Other than Oklahoma City’s Sam Presti, it’s hard to imagine another front office executive having as good an offseason as Ainge. He rolled the dice to go down two spots in last June’s NBA draft, and wound up with arguably the most NBA-ready player (Jayson Tatum) among those selected in last June’s NBA draft. (Remember, the likely rookie-of-the-year Ben Simmons did not play last year after Philadelphia drafted him with the top overall pick in 2016.) The free-agent pickups of Aron Baynes, Daniel Theis and Shane Larkin have all had moments where they carried the team to victory.
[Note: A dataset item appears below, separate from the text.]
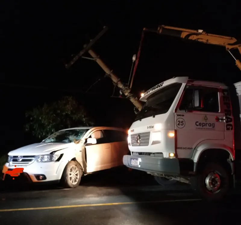 Passo de Torres, SC – A noite de sexta-feira (31) e a madrugada deste sábado (1º) foram marcadas por transtornos em diversas comunidades de Passo de Torres após um veículo colidir contra um poste de energia elétrica na comunidade de Barra Velha.
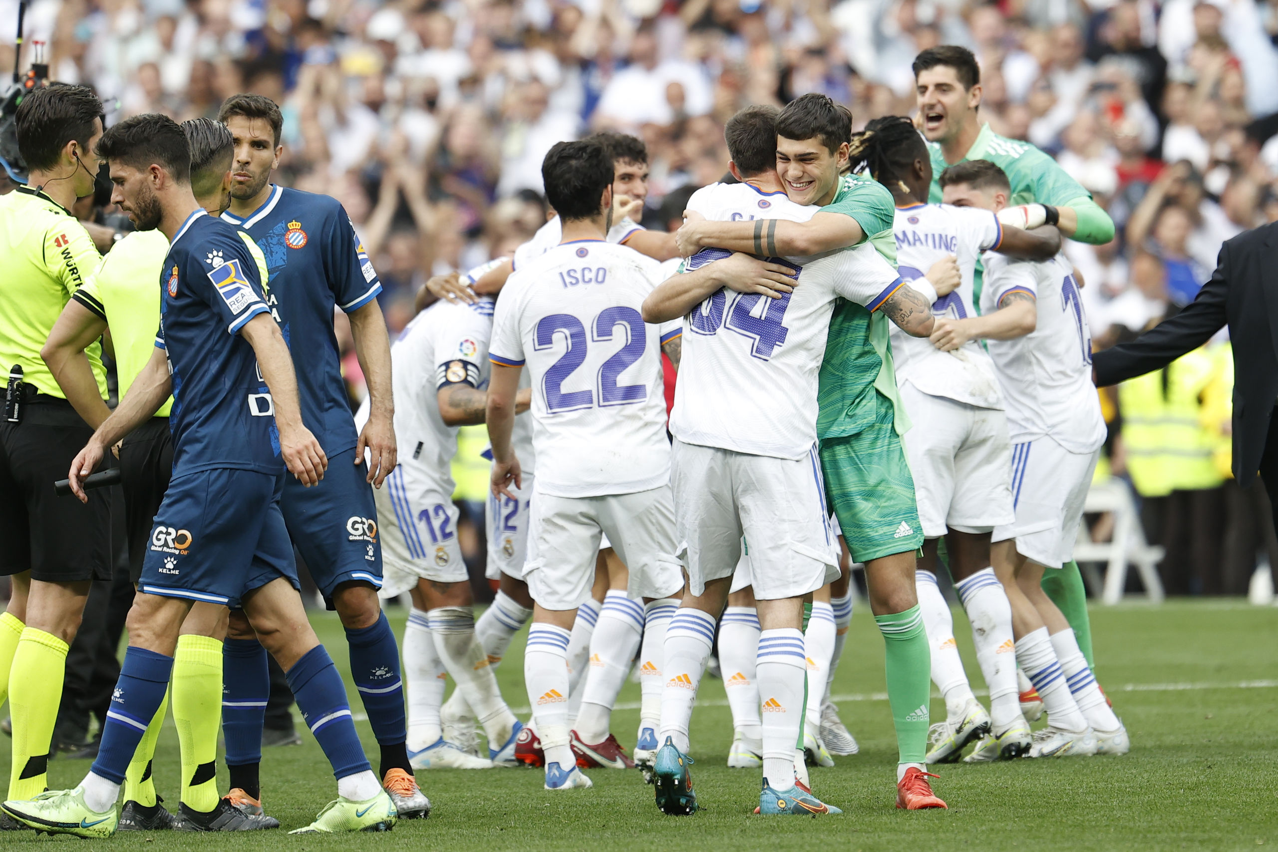 Selección de las mejores imágenes de la victoria del Real Madrid frente al Espanyol en el Santiago Bernabéu (4-0), que permite a los blancos conquistar su trigésimo quinto título de Liga.

Even second-round picks like Semi Ojeleye and two-way players like Jabari Bird have contributed to wins this season. Fans may not like some of Ainge’s decisions in the moment but he deserves a lot of credit for the team we see today, one that has played at a level few envisioned they'd reach this quickly.


 
BRAD STEVENS
 
And to think, the Big Three (Kyrie Irving, Gordon Hayward and Al Horford) Boston was planning to build around this season has played less than five minutes together. Stevens has been pushing all the right buttons, putting guys in unexpected positions to succeed with a cast that’s long on talent and well, well short on experience. Boston’s first win of the season came at Philadelphia, a game in which the Celtics played six different rookies. It’s not unusual for teams to use first-year players frequently, but for a team that was built to contend for a championship? That’s highly unusual. The biggest thing is despite the lack of experience on the floor, Stevens hasn’t allowed them to use that as a reason to fail. Instead, Stevens has had them lean heavily on film study and the wisdom of veterans, as well as empowered them to have a “next-man-up” mindset with one goal regardless of what they are tasked with doing: Get it done. No excuses.


 
ROOM FOR IMPROVEMENT
 
Boston has spent most of this season atop the NBA standings, fueled in large part by a 15-game winning streak -- the longest of the Brad Stevens era and the fifth-longest ever by a Celtics team. But within that winning streak, there have been some noticeable areas of concern (i.e., bench scoring) that have made games more challenging. And that's what makes these Celtics so scary to the rest of the league. If they’re beating teams consistently now, how much better will they be when the offense catches up or, at a minimum, gains some ground on what has been an impressive stretch of play defensively? That’s why as good as this first full month of the season has been, there's reason to believe they’ll only get better. The Celtiheircs have seen  share of adversity. They've played without their All-Stars. They have fought back from double-digit deficits to emerge victorious. This is a young squad, but battle-tested already. Because of all that, they have a certain level of confidence that regardless of the situation, regardless of the score, they feel they will find a pathway to success. And that, Celtics Nation, is something to be thankful for.